### Directions
When you reach the line that contains "Each sauna kit", begin copying exactly, and continue through the last line of the data; no pictures belong in the copy.

### Exercise inputs
+---+

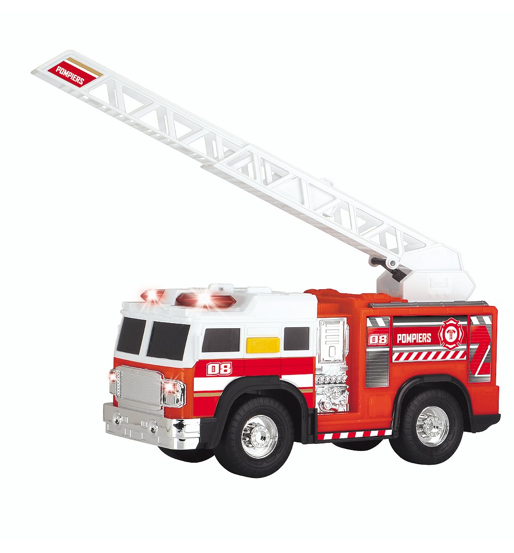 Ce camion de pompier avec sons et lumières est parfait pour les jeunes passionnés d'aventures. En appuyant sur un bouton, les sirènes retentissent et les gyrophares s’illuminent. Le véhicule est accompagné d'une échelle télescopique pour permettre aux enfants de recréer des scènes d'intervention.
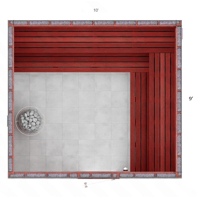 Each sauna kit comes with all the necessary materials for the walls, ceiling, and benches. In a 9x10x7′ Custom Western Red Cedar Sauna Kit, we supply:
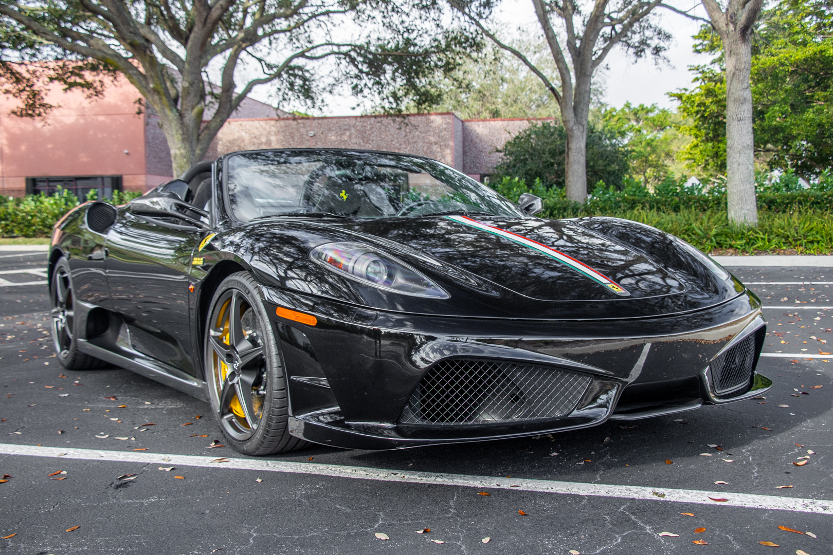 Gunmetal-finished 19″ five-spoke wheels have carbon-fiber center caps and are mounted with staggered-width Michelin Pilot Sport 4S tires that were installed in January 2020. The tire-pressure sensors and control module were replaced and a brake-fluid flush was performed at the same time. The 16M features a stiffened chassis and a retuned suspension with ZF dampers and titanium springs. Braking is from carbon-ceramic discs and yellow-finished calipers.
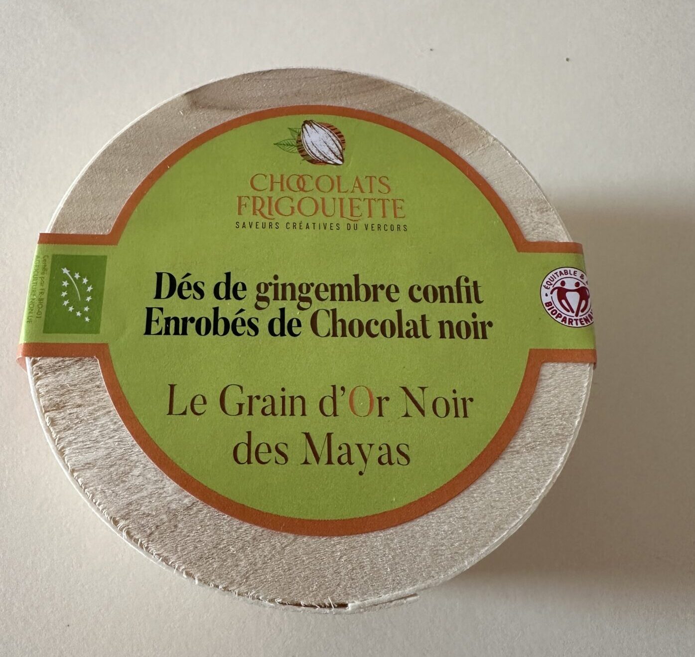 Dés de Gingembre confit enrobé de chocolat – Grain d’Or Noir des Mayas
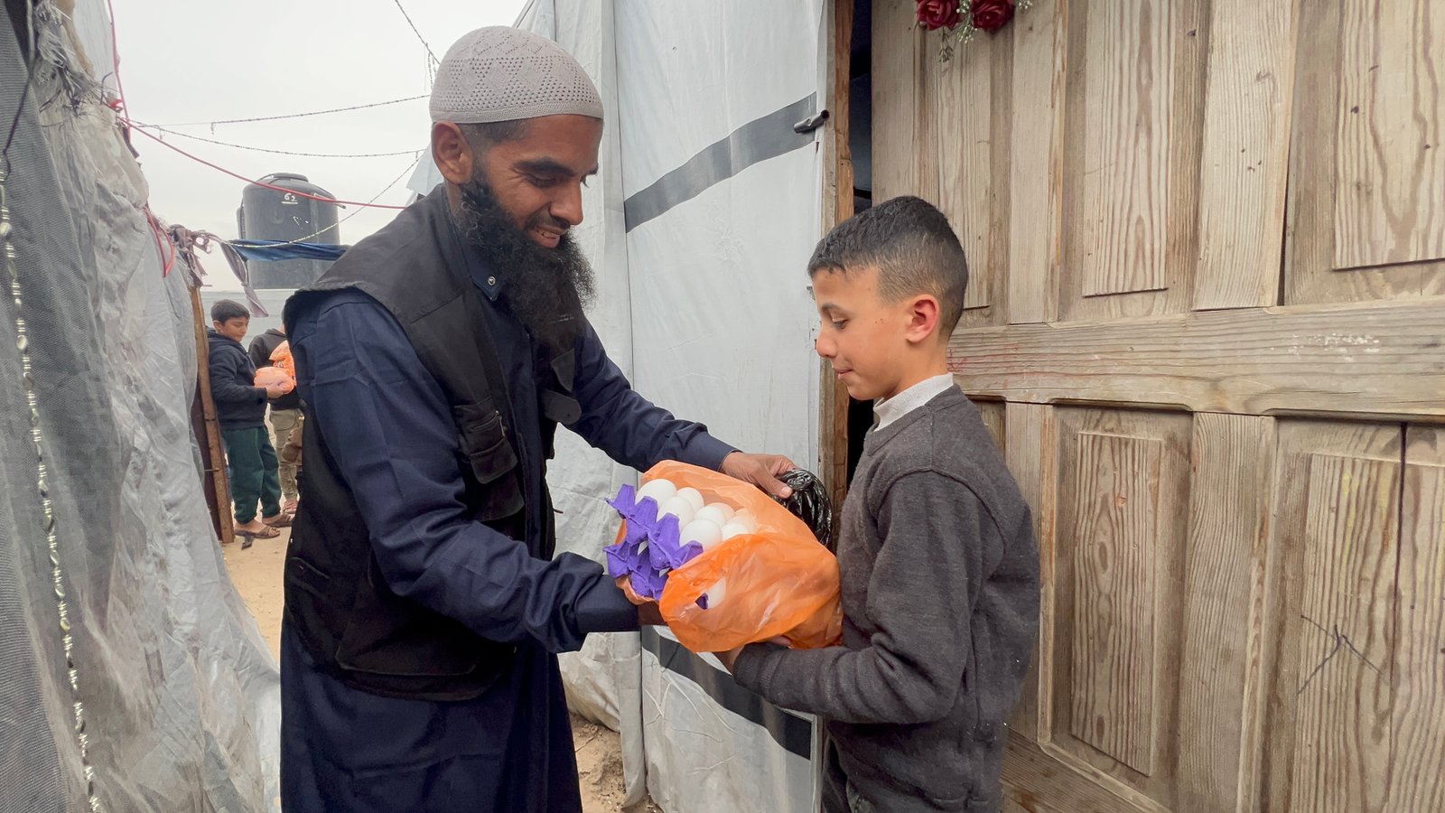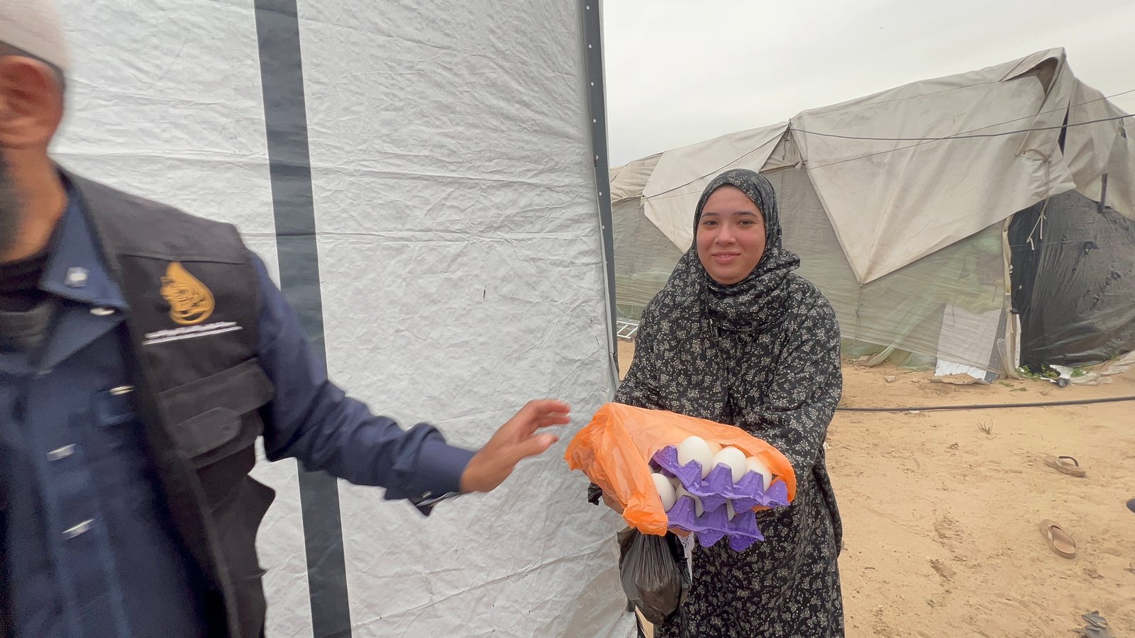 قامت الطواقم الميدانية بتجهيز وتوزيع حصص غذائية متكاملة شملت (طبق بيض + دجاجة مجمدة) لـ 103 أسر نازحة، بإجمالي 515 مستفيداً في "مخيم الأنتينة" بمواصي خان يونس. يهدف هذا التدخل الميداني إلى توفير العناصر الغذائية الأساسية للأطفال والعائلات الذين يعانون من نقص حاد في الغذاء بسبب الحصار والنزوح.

+---+

### Finished exercise
 Each sauna kit comes with all the necessary materials for the walls, ceiling, and benches. In a 9x10x7′ Custom Western Red Cedar Sauna Kit, we supply:
 Gunmetal-finished 19″ five-spoke wheels have carbon-fiber center caps and are mounted with staggered-width Michelin Pilot Sport 4S tires that were installed in January 2020. The tire-pressure sensors and control module were replaced and a brake-fluid flush was performed at the same time. The 16M features a stiffened chassis and a retuned suspension with ZF dampers and titanium springs. Braking is from carbon-ceramic discs and yellow-finished calipers.
 Dés de Gingembre confit enrobé de chocolat – Grain d’Or Noir des Mayas
 قامت الطواقم الميدانية بتجهيز وتوزيع حصص غذائية متكاملة شملت (طبق بيض + دجاجة مجمدة) لـ 103 أسر نازحة، بإجمالي 515 مستفيداً في "مخيم الأنتينة" بمواصي خان يونس. يهدف هذا التدخل الميداني إلى توفير العناصر الغذائية الأساسية للأطفال والعائلات الذين يعانون من نقص حاد في الغذاء بسبب الحصار والنزوح.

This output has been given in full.